- Your instructions:
Exactly the lines from the start of the data below through the line that contains "UV absorption spectra" are to be copied, with pictures left out.

- Data excerpts:
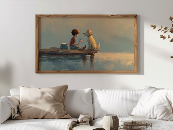 Thank you so much for visiting my shop. I hope you enjoy displaying this charming lakeside scene featuring a child and a dog on your Frame TV.
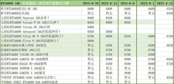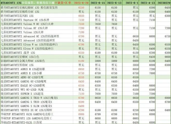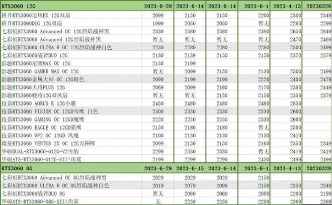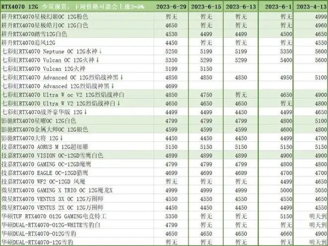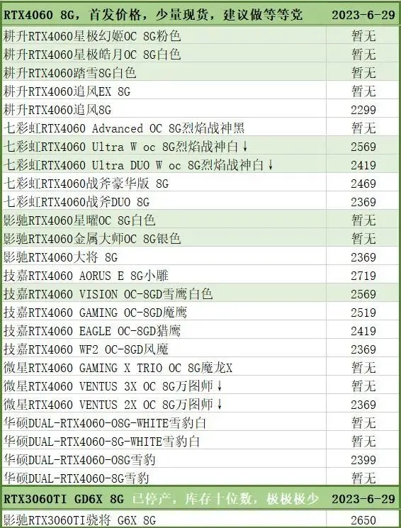 今天更新的内容是包含了A卡、N卡和INTEL ARC显卡的全新型号和价格。
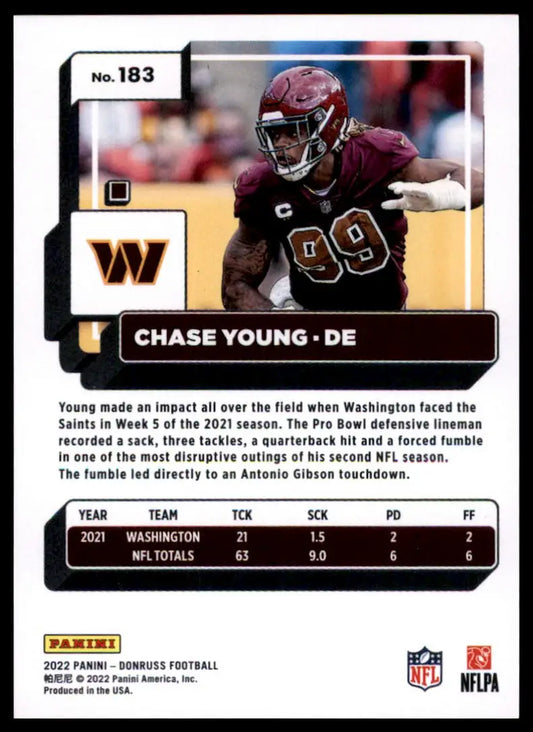 Chase Young 2022 Donruss #183 Washington Commanders
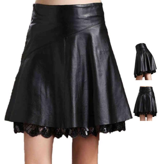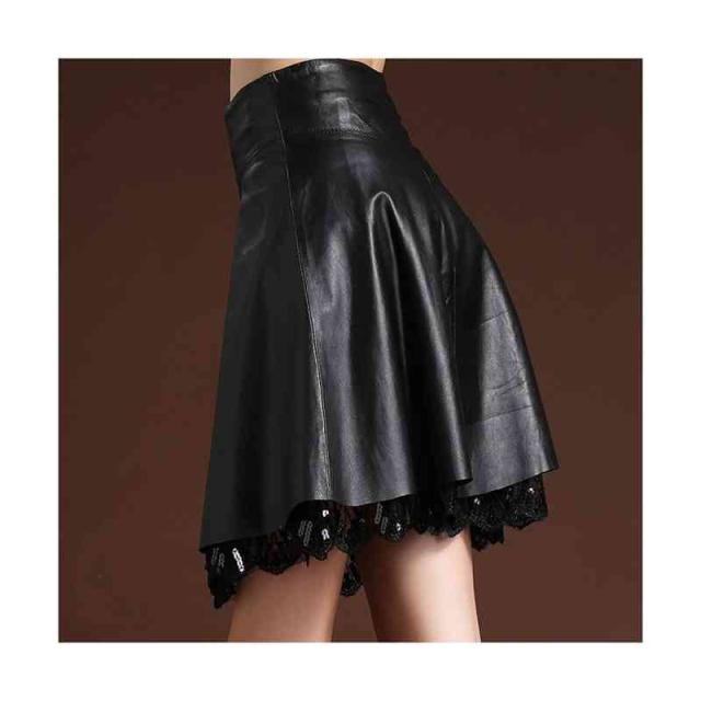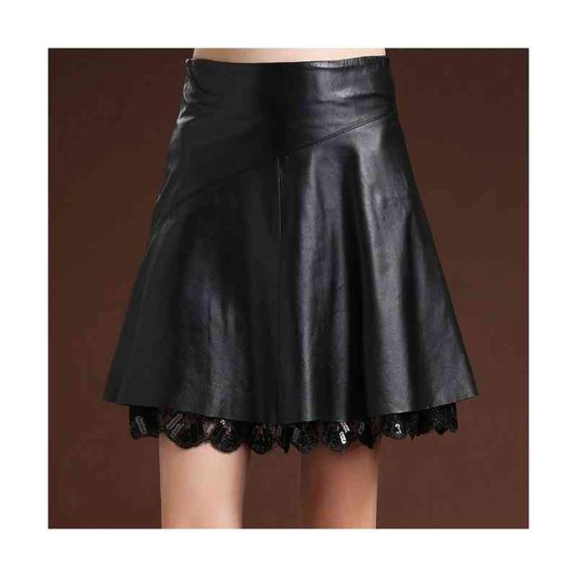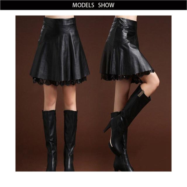 レザースカート 春秋冬 レーススカート PU ミニスカート フレアスカート Aラインフレアスカート 大きサイズ ボトムス スカート ハイウエスト プリーツスカート 無地 シンプル おしゃれ フェミニン 送料無料
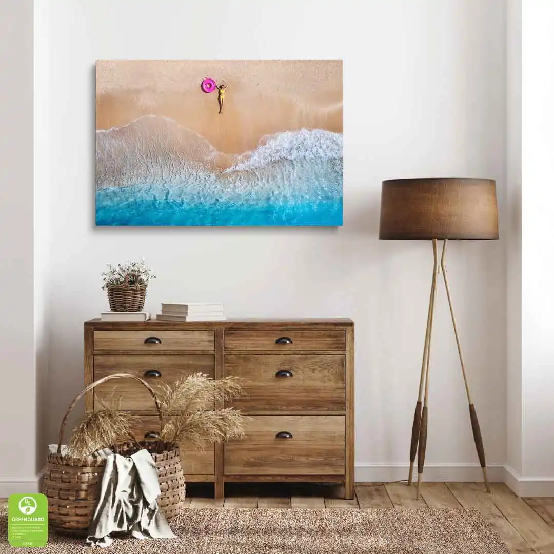 Obraz drukowany jest przy wykorzystaniu nowoczesnej technologii druku Canon UVgel. Uzyskany jest efekt widocznego prawdziwego płótna malarskiego. Użyte tusze są ekologiczne, bezwonne oraz trwałe - odporne na blaknięcie oraz działanie promieni słonecznych UV. Certyfikowane atramenty spełniają najsurowsze światowe normy dotyczące niskiej emisji lotnych związków organicznych (VOC), co sprawia że nasze obrazy są całkowicie bezpieczne i mogą być z powodzeniem wykorzystywane jako elementy dekoracji wnętrz w domach i pomieszczeniach, gdzie ludzie a zwłaszcza dzieci i osoby narażone na szkodliwe związki, spędzają dłuższy czas. Odwzorowana jest fotograficzna jakość wydruku, a kolory są żywe i głęboko nasycone.
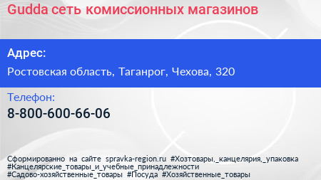 Gudda, сеть комиссионных магазинов по адресу Ростовская область, Таганрог, Чехова, 320 в дальнейшем Организация, размещена в следующих категориях:
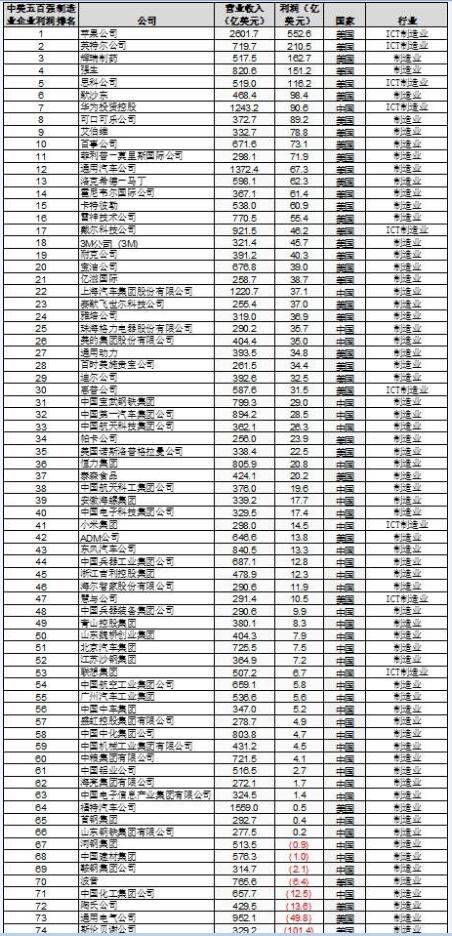 好了,接下来我们直接进行最终比较,那就是中美入选了世界五百强的制造业企业的利润比较,中美总共有74家制造业企业入选了世界五百强(包括ICT制造业)。
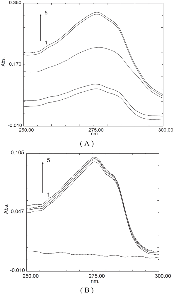 UV absorption spectra of insulin in different solutions. Curves 1-5 in (A) represent insulin, Insulin (100 μg/mL) + HP-β-CD (1 mg/mL), Casein (200 μg/mL), Insulin (100 μg/mL) + Casein (200 μg/mL), Insulin (100 μg/mL)+ Casein (200 μg/mL) + HP-β-CD (1 mg/mL), respectively; Curves 1-5 in (B) represent protamine (200 μg/mL), insulin (100 μg/mL), insulin (100 μg/mL) + protamine (200 μg/mL), insulin (100 μg/mL) + protamine (200 μg/mL) + HP-β-CD (1 mg/mL), insulin (100 μg/mL) + HP-β-CD (1 mg/mL), respectively.
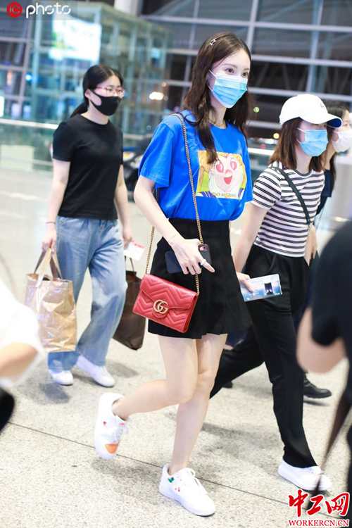 2020年7月8日,北京,金晨现身机场。金晨长腿吸睛,笑眼盈盈温柔可亲。(本组图片来源东方IC,版权作品,请勿转载。)

- Solved problem:
 Thank you so much for visiting my shop. I hope you enjoy displaying this charming lakeside scene featuring a child and a dog on your Frame TV.
 今天更新的内容是包含了A卡、N卡和INTEL ARC显卡的全新型号和价格。
 Chase Young 2022 Donruss #183 Washington Commanders
 レザースカート 春秋冬 レーススカート PU ミニスカート フレアスカート Aラインフレアスカート 大きサイズ ボトムス スカート ハイウエスト プリーツスカート 無地 シンプル おしゃれ フェミニン 送料無料
 Obraz drukowany jest przy wykorzystaniu nowoczesnej technologii druku Canon UVgel. Uzyskany jest efekt widocznego prawdziwego płótna malarskiego. Użyte tusze są ekologiczne, bezwonne oraz trwałe - odporne na blaknięcie oraz działanie promieni słonecznych UV. Certyfikowane atramenty spełniają najsurowsze światowe normy dotyczące niskiej emisji lotnych związków organicznych (VOC), co sprawia że nasze obrazy są całkowicie bezpieczne i mogą być z powodzeniem wykorzystywane jako elementy dekoracji wnętrz w domach i pomieszczeniach, gdzie ludzie a zwłaszcza dzieci i osoby narażone na szkodliwe związki, spędzają dłuższy czas. Odwzorowana jest fotograficzna jakość wydruku, a kolory są żywe i głęboko nasycone.
 Gudda, сеть комиссионных магазинов по адресу Ростовская область, Таганрог, Чехова, 320 в дальнейшем Организация, размещена в следующих категориях:
 好了,接下来我们直接进行最终比较,那就是中美入选了世界五百强的制造业企业的利润比较,中美总共有74家制造业企业入选了世界五百强(包括ICT制造业)。
 UV absorption spectra of insulin in different solutions. Curves 1-5 in (A) represent insulin, Insulin (100 μg/mL) + HP-β-CD (1 mg/mL), Casein (200 μg/mL), Insulin (100 μg/mL) + Casein (200 μg/mL), Insulin (100 μg/mL)+ Casein (200 μg/mL) + HP-β-CD (1 mg/mL), respectively; Curves 1-5 in (B) represent protamine (200 μg/mL), insulin (100 μg/mL), insulin (100 μg/mL) + protamine (200 μg/mL), insulin (100 μg/mL) + protamine (200 μg/mL) + HP-β-CD (1 mg/mL), insulin (100 μg/mL) + HP-β-CD (1 mg/mL), respectively.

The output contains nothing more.